[Start of section]
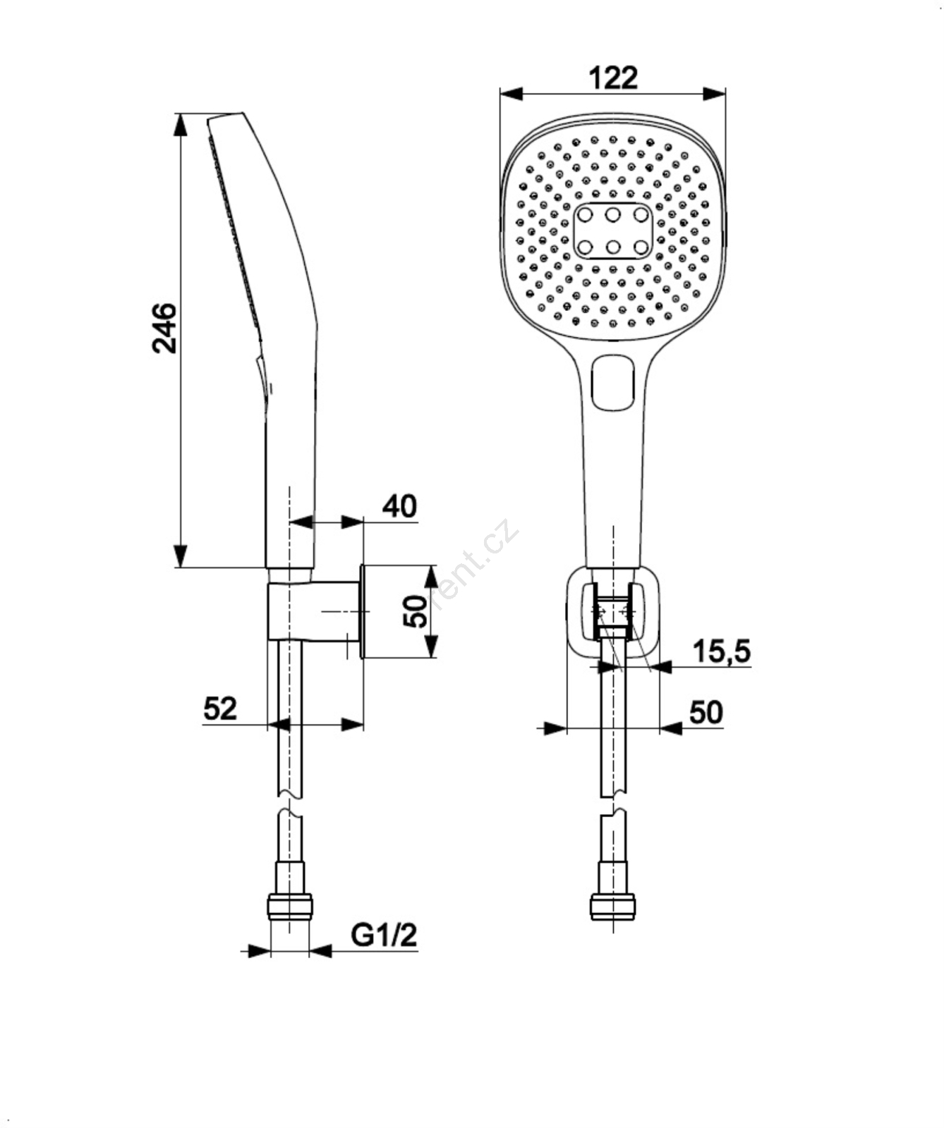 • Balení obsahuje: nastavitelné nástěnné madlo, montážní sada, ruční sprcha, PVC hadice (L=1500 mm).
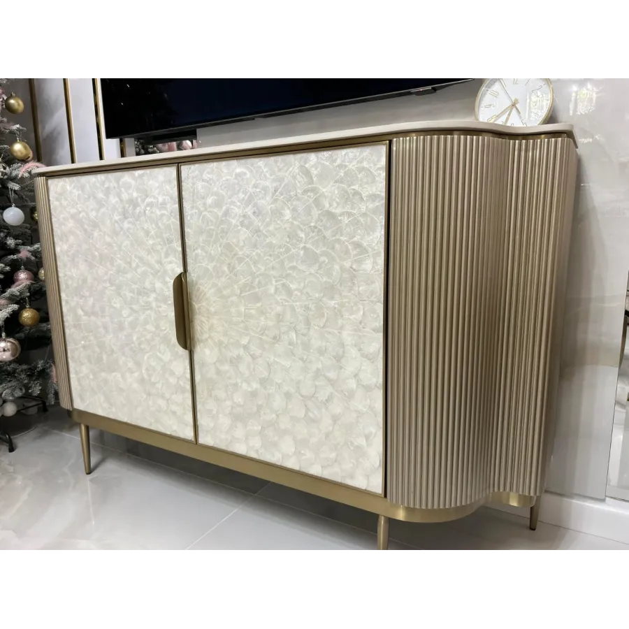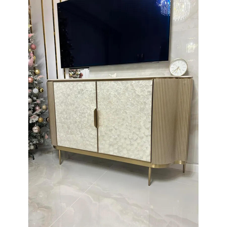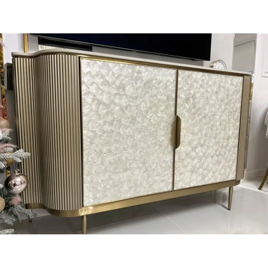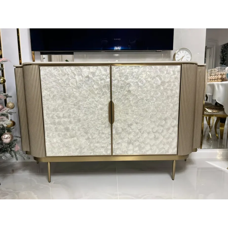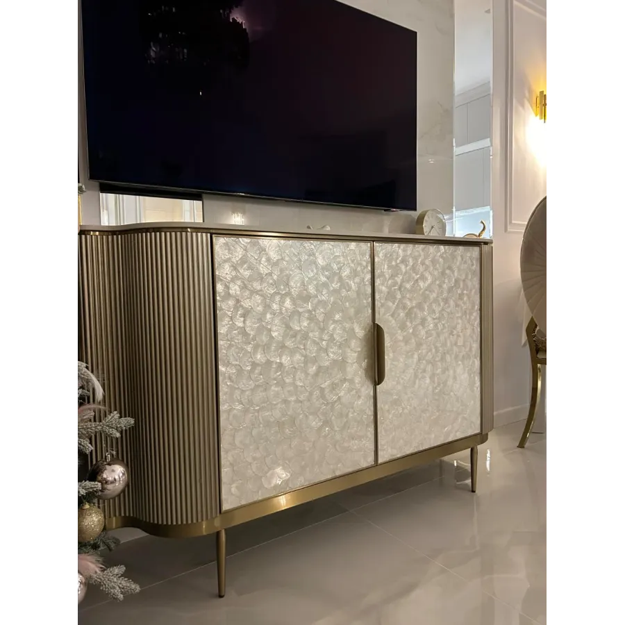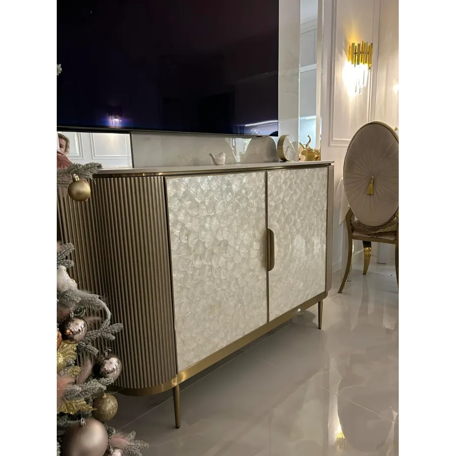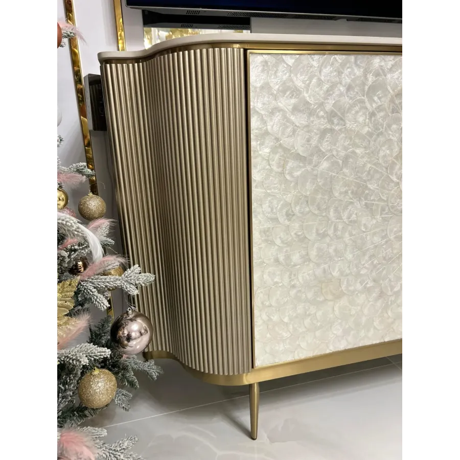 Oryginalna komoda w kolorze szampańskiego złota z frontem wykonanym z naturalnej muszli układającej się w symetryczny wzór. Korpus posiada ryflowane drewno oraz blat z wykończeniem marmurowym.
[End of section]
[Start of section]
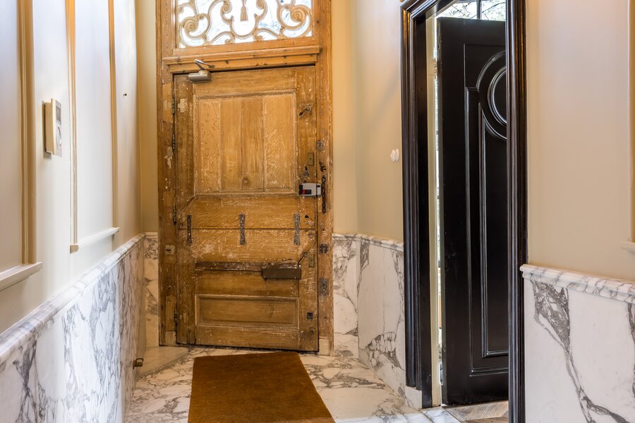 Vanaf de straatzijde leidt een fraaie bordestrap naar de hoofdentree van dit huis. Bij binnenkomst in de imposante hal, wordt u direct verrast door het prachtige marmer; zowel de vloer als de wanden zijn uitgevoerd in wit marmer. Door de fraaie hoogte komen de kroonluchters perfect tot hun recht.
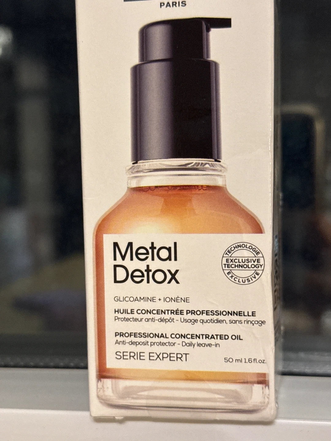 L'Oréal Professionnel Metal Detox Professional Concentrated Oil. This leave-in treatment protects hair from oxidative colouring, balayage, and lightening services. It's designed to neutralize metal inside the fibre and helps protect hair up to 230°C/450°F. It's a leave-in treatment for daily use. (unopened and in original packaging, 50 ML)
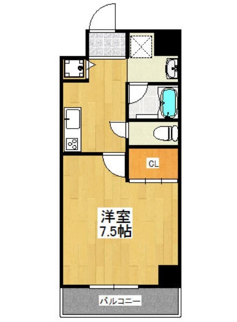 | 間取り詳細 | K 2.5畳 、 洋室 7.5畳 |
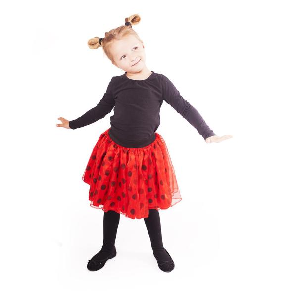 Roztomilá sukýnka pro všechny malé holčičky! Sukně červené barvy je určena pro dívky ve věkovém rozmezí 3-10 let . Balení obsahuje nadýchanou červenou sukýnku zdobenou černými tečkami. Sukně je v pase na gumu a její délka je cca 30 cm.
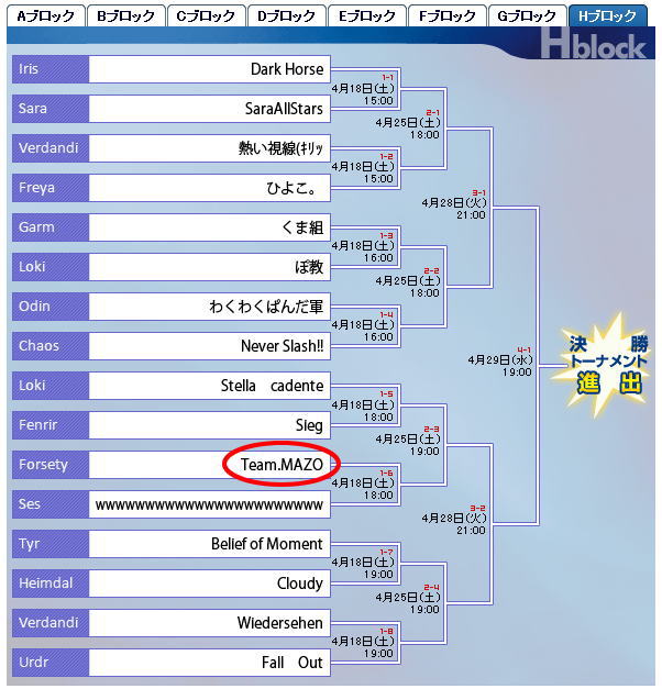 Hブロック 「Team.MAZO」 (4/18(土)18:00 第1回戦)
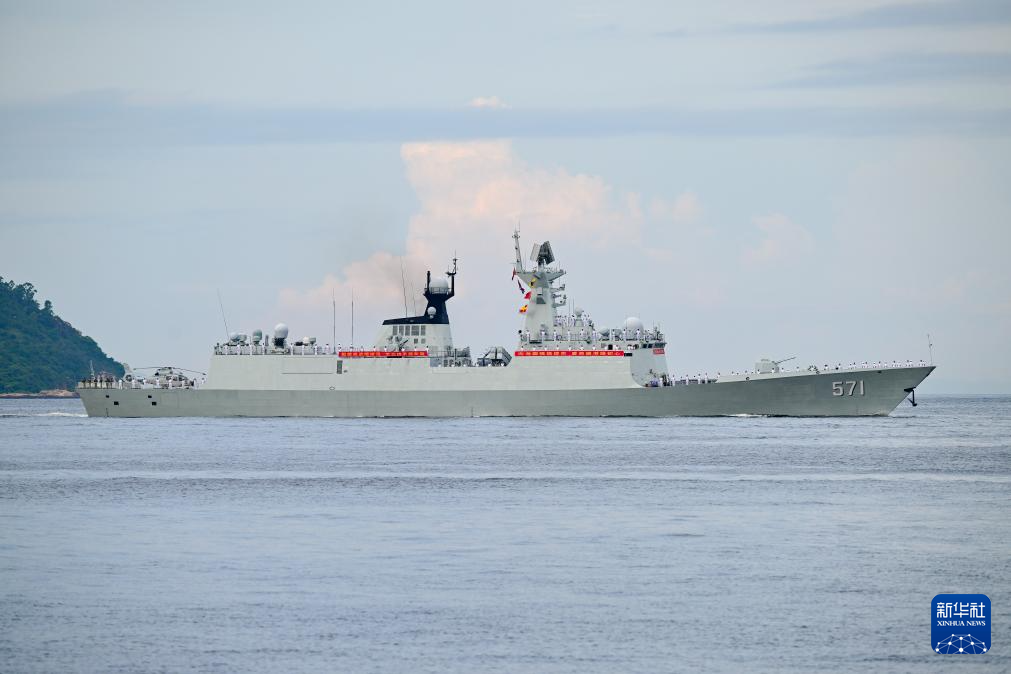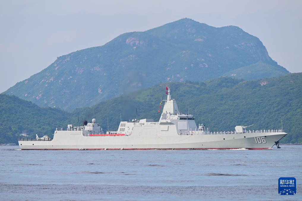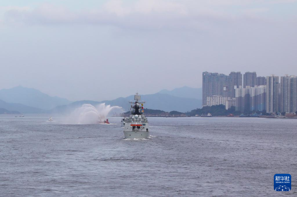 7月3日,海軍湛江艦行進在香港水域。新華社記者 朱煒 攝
[End of section]
*About this exercise*
The line holding "Roztomilá sukýnka pro" starts the copy and the line holding "7月3日,海軍湛江艦行進在香港水域。新華社記者 朱煒 攝" ends it. Repeat those two lines above and all between them exactly, leaving out pictures.

*Answer section*
 Roztomilá sukýnka pro všechny malé holčičky! Sukně červené barvy je určena pro dívky ve věkovém rozmezí 3-10 let . Balení obsahuje nadýchanou červenou sukýnku zdobenou černými tečkami. Sukně je v pase na gumu a její délka je cca 30 cm.
 Hブロック 「Team.MAZO」 (4/18(土)18:00 第1回戦)
 7月3日,海軍湛江艦行進在香港水域。新華社記者 朱煒 攝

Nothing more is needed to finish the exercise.